For I am but Mortal

by hellkitty



Series: Liberation [3]
Category: Transformers (IDW Generation One)
Genre: Angst, M/M
Language: English
Status: Completed
Published: 2011-08-21
Updated: 2011-08-21
Packaged: 2017-10-22 22:15:20
Rating: Teen And Up Audiences
Warnings: Major Character Death
Chapters: 1
Words: 1,247
Publisher: archiveofourown.org
Story URL: https://archiveofourown.org/works/243164
Author URL: https://archiveofourown.org/users/hellkitty/pseuds/hellkitty





	For I am but Mortal

_**For I am but Mortal**_  
PG  
IDW post Ongoing 23  
Springarm, Orion Pax  
mentions of twincest, canon character death, angst?  
A/N SERIOUS canontweaking solely so I can keep Springarm alive. *headdesk*  
For [](http://tf-rare-pairing.livejournal.com/profile)[**tf_rare_pairing**](http://tf-rare-pairing.livejournal.com/) August challenge. Song was Marillion’s “Forgotten Sons”

“Captain.” The repair tech’s voice was soft, but somehow filled with distaste, as though this whole duty—or perhaps it was Orion Pax of Iacon—tasted bad. “He can speak now.”

Orion climbed to his feet, trying to ignore the pain from the new weight in his chassis. He realized he’d been curled around it, as if balling up, like a cyst, around it. It, the very thing Springarm believed in so strongly that he had a tamp of it on his cheek armor—the only defiance to police procedurals the mech had ever made in his young life.

And it had brought them both…here.

He ducked into the darkened room, the repair tech murmuring from the threshold to keep the lighting dim.
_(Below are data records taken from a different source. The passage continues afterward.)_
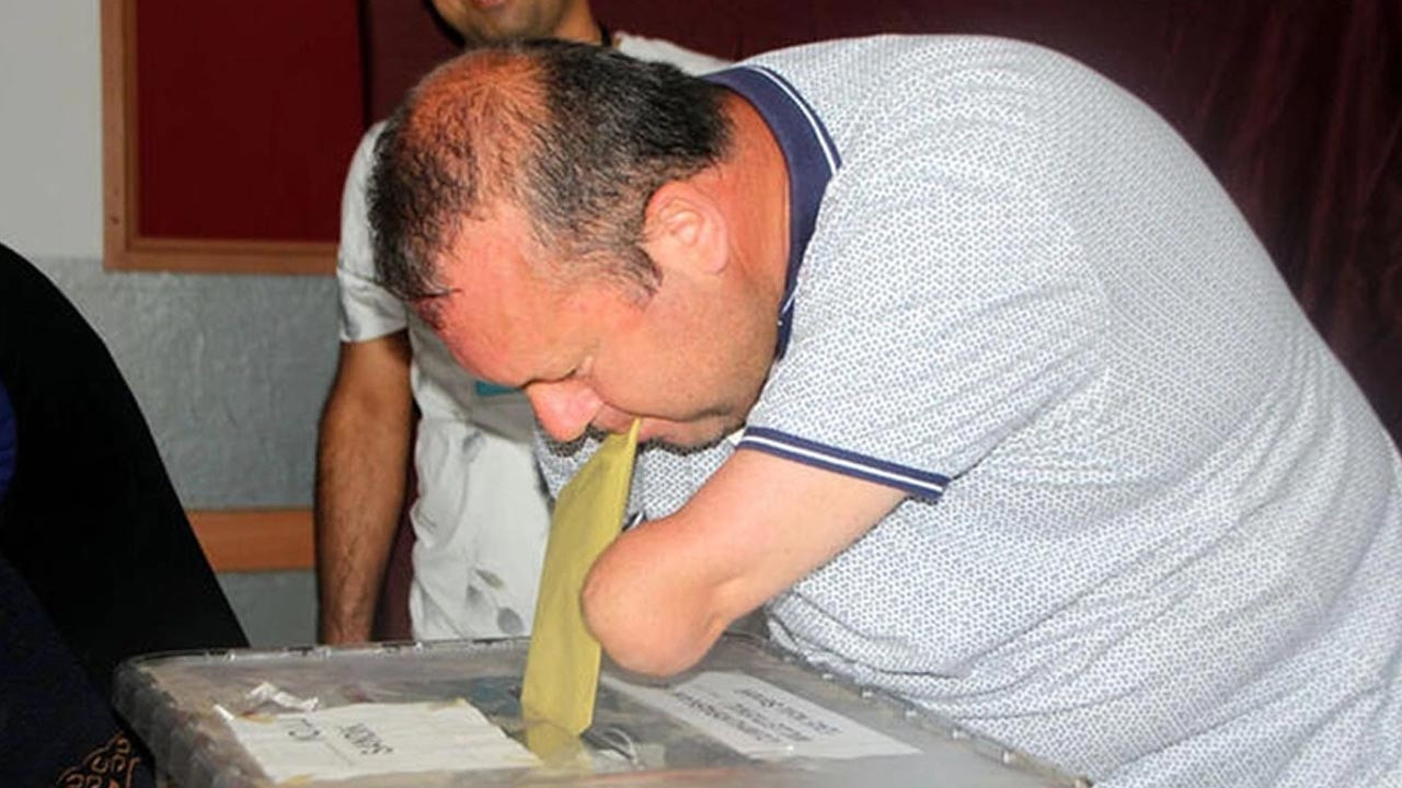 Abone Olİki kolunu kazada kaybeden 44 yaşındaki Bülent Bodur, Cumhurbaşkanı Seçimi ve 28'inci Dönem Milletvekili Genel Seçimi için oyunu kullandı.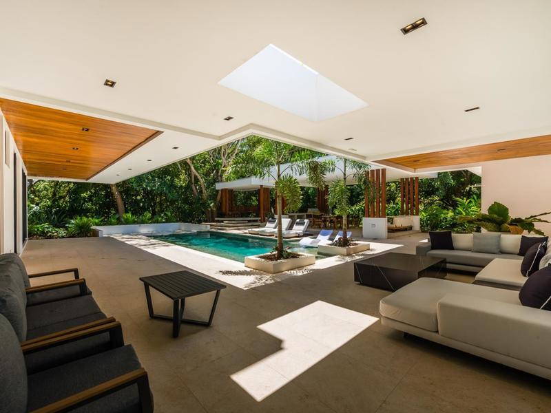 The outdoor living space is an oasis of relaxation, featuring Panama Jack teak furniture, a custom outdoor sectional with a marble coffee table, and three custom chaise lounges, all adorned in Sunbrella fabric. The covered outdoor living room offers a skylight to let in the sun, an outdoor dining area with a large table and BBQ, and Ranchito which is a great spot to curl up to read a book or bird watch as the parrots and bluejays fly by.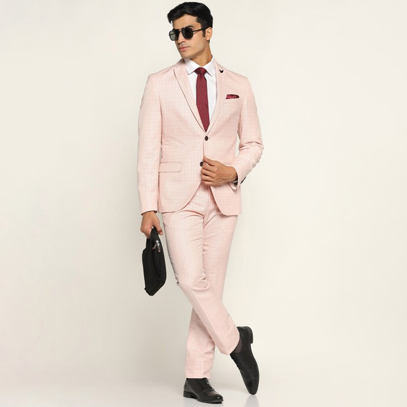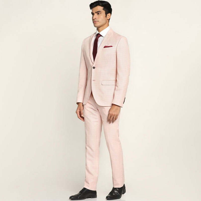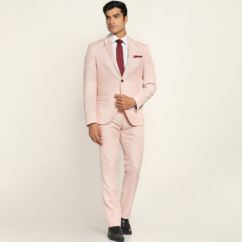 "Solid slim-fit formal 2- piece suit Solid slim-fit formal blazer, has a notched lapel collar, single-breasted with double button closures, long sleeves, two flap pockets, one chest welt pocket, an attached lining and a double vented back hem Solid slim-fit formal trousers, has a waistband with belt loops, zip fly with a button closure Size & Fit Slim-fit The model (height 6') is wearing a size 34 Material & Care 51% Polyester 27% Rayon 22% Flax Linen Dry Clean"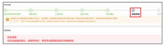 分為考點審核和考區(qū)審核兩個階段,考生可在【報考流程】中查看資格審核狀態(tài)。考區(qū)審核通過后,【資格審核】節(jié)點變?yōu)榫G色。
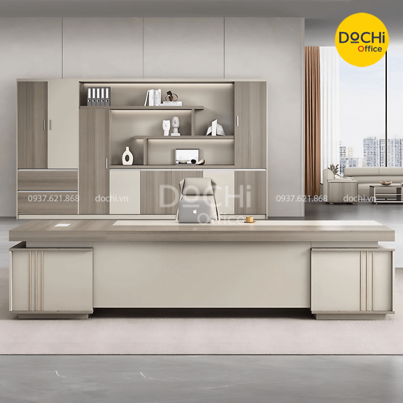 - Hộp tủ dưới tiện dụng, đa năng: vừa là tủ để đựng đồ vừa tạo điểm nhấn thu hút cho bàn giám đốc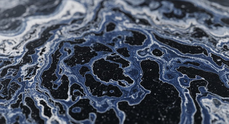 A close-up of the surface texture, showing fine particles and swirls in shades of blue against the deep black water. The scene is illuminated by soft light that highlights these intricate patterns. --ar 3:2 --v 6.1 Job ID: 4c90688c-0178-4d17-8ab5-80028a89ce3c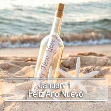 ¡Feliz Año Nuevo! (Happy New Year!) The first day of the new year is another day of rest (and recovery). Many families spend the day at home, relaxing and enjoying leftovers, while other families simply head to the beach to enjoy the sun, sand, and surf.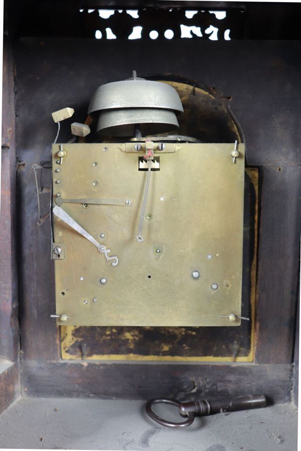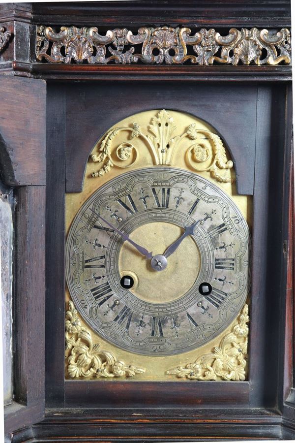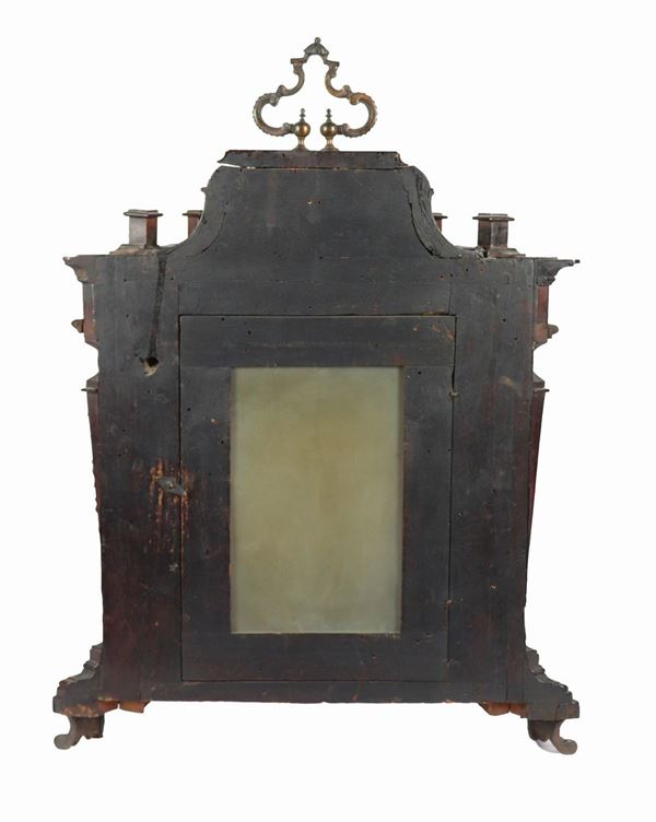 con quadrante in bronzo dorato, sbalzato e cesellato, suoneria a campana mancante del pendolo. Non funzionante, da revisionare, cm 40 x 20 x 54 h.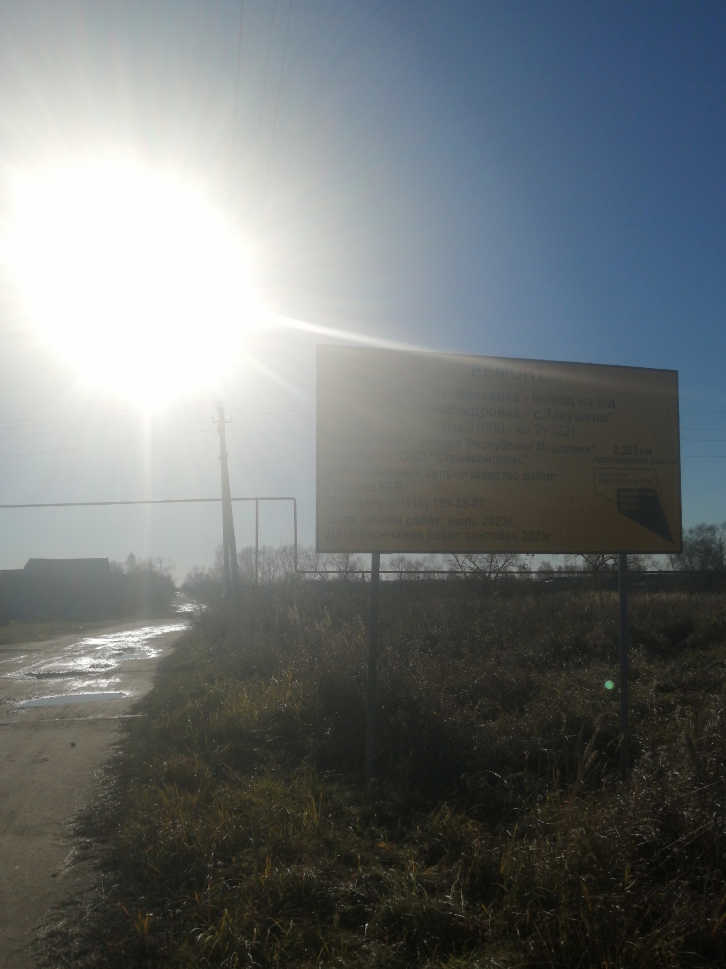 Теньгушевский р-н село Старая Качеевка. Поставили щиты с рекламой, что ведутся дорожные работы. А точнее сказать что уже окончен ещё 30 сентября!!! Но по факту они и не начинались!!! По этой дороге возят школьников, в селе много пожилых и даже старых людей. В магазин поставщики отказываются возить продукты из-за плохой дороги!!! А скоро зима и будет ещё хуже!!! Писала в администрацию Теньгушевского района, но мер никаких принято не было!!! Очень надеемся на вас, может хоть предадите огласке о нашей проблеме??? Может быть хоть сдвинется с мёртвой точки???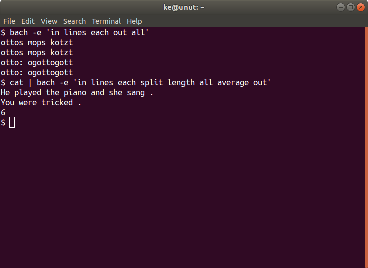 In which we implement cat in Bach, and then write the first useful Bach program: it computes the average number of tokens per line. pic.twitter.com/ygeyDhHaIR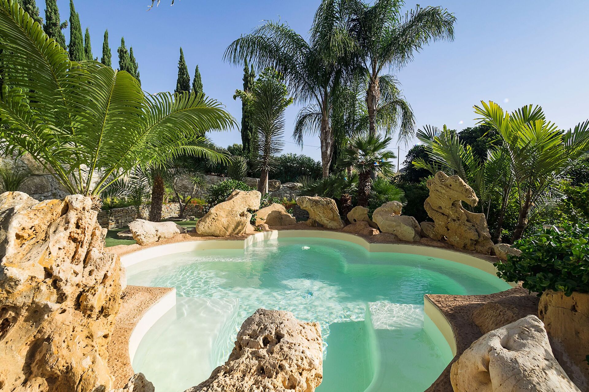 Villa Girgenti is located 5 km (3 mi) from Agrigento, Italy and only 132 km (82 mi) from Palermo in the tourist area "Sicily South Coast". Villa Girgenti is a lovely vacation rental (400 sq m) with air conditioning, hot tub and private pool. The property can accommodate up to 14 people comfortably in seven bedrooms with seven bathrooms. If you'd like to visit the beautiful Italian coast, it's just a short distance to the sea (7 km 4 mi).

And he could see why: the worst thing he could imagine for Springarm would be for the mech to be able to see himself. The head was more or less intact—still scored down to bare metal on the cheek armor where the three mechs had abraded off his tamp, but below the face, a mass of twisted wires snaked to various machines, the soft hums and beeps a backdrop of sound, thick, muffling. His body was scored, dented, split open, a laid-out testimony of the effort of the repair techs.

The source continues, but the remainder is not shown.